Потом говорил: вот я еду в Москву,
в университетский благородный пансион,
потом в Петербурге, смотри,
какое я занимаю положение:
меня приглашают в салоны, где мы говорим
об изящных искусствах,
и барышни играют на фортепианах,
и мужчины обсуждают политику,
мы курим сигары,
мы знаем все, что происходит в Париже,
все, что происходит в Лондоне,
скоро я познакомлюсь
с Государем Императором,
он благосклонно относится к переводу,
и не исключено, что я, может быть,
даже обзаведусь семьей,
хотя об этом еще рановато думать, —
и добавляет: смотри, как прекрасен рассвет —
красное небо над каменным Петербургом,
подобная складкам одежды рябь на Неве,
вода, так сказать, отражает румянец неба.
Если б ты мог ощутить,
как прозрачен воздух,
и даже это окно,
сквозь которое я смотрю на улицу,
прекрасно тем, что действительно существует
(в отличие от тебя, бесплотного).
Но в глубине души,
особенно по ночам,
Гнедич боится,
что когда придет его час
и сын звонаря, все еще девятилетний,
встретит его у порога в царство Аида,
в котором он давно уже пребывает,
и спросит: ну что, оно того стоило? —
с насмешкой в голосе
или действительно с любопытством —
Гнедич не найдется что сказать,
но закроет лицо ладонью
и заплачет
призрачными слезами
из левого глаза.
ПЕСНЬ ТРЕТЬЯ
Журавли курлыкали и подпрыгивали друг перед другом —
это последнее, что он вспомнил, перед тем как заснуть;
но и во сне журавли еще появлялись и с криком
прядали с неба на землю, а он закрывался руками,
чтобы спрятать лицо от острых клювов.
Их пронзительный крик раздавался все громче и громче.

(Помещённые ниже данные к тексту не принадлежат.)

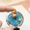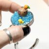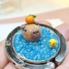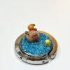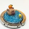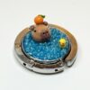 The top is hand-sculpted from polymer clay and finished with a glossy coating, featuring a small capybara sitting in a bathtub with a tiny duck and orange detail.

Он проснулся и понял что это стучат в дверь.
Кухарка говорила, придет новая девка убираться,
он сказал: я сам покажу, что и как,
не хочу, чтобы она спутала мои бумаги,
но пусть получше вытирает пыль.
Кухарка сказала: она придет.
Он надевает халат и завязывает шелковый платок вокруг шеи.
Служанка, кухарка, друг, придворная дама, одиночество,
одеться с иголочки, облачиться в доспехи, —
под покровом французской моды ему никто не страшен.